Well, chen style has a long first form and a shorter second form. The first form is done primarily slow with some fast movements while the second form has more fast movements....just saying.


----------



## Xue Sheng (Nov 18, 2014)

Kung Fu Wang said:


> The "grasping sparrow's tail - Peng, Lu, Ji, An, double pulling, single whip" repeat 8 times at:
> 
> 1. 0.10 - 0.20
> 2. 0.51 - 0.58
> ...



Yeah but that's not Yang style that's Cheng so I fail to see the reason for posting it since your reference was to 108

And I am not criticizing your form, criticizing your logic and use of math to justify 66 forms..... you do not know Traditional Yang style (and I doubt Chen as well) yet you continue to criticize Yang at every turn and yet every criticism simply shows you don't understand it. For example you have stated on more than one occasion that there is no fajin in Yang and that is incredibly wrong.


----------



## Elbowgrease (Nov 18, 2014)

I'm kind of glad there are (however many) grasping the bird's tail, single whip, wave the hands like clouds, etc. If the idea is to practice less things more times (the one punch 10,000 times instead of the 10,000 punches one time each...), I may have done the form 10,000 times by now, I don't know, I think I lost count a while ago. I'm still not totally confident I could grasp the bird's tail properly in combat. I should probably just practice the form 10,000 more times exactly the way it was taught to me. I really don't want to have any part of flame warfare, but I think things might be getting off track. If you want to have less motion and repitition in your form, learn a different form. The entirety of the Yang long form is contained in the first motion of the form. Everything else is useful as well, but there really is a huge wealth of knowledge to be had from every single second spent practicing the form. Whichever form it is. Even if it's practiced incorrectly. As long as one knows that they are learning what is incorrect when they are not moving correctly. 
My opinion.


----------



## mograph (Nov 19, 2014)

I don't see the point in removing repetition (not "redundancy") if the repeated (not "redundant") moves are important and can benefit from extra practice. Would it kill us to practice something a little more? But if the argument is that those moves are of equal importance as the others and should not be emphasized through repetition, then I can see an argument for balancing the number of times the moves appear in the form. 

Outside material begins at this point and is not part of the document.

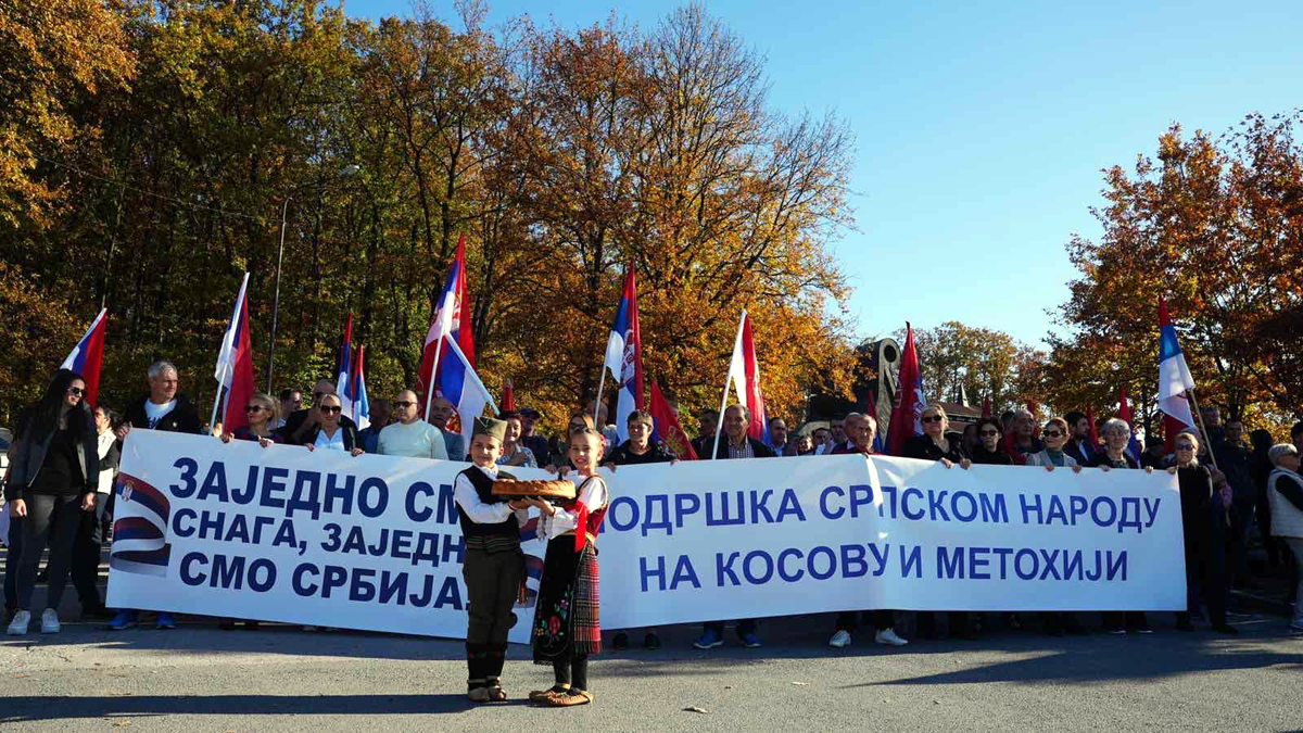 Mešatani Gornjeg Milanovca su svoje sunarodnike iz južne pokrajine dočekali tradicionalno, uz pogaču, so i poruke podrške, ali bez muzike i pompe, budući da je danas Dan žalosti zbog tragedije koja se dogodila pre tačno godinu dana u Novom Sadu.

But I don't see forms as inviolate; to me, _principles_ are inviolate. If I'm doing a form alone and repeat something in the form more than it appears in a canonical form, then where's the harm, as long as principles are followed? Actually (memory psych!) it helps me encode the move more deeply by intervening in that way.

Redundant: (from Google)
- not or no longer needed or useful; superfluous.
- "this redundant brewery has been converted into a library" _(not much of an example, is it?)_
- synonyms:    unnecessary, not required, inessential, unessential, needless, unneeded, uncalled for
- antonyms:    essential, necessary
- (of words or data) able to be omitted without loss of meaning or function.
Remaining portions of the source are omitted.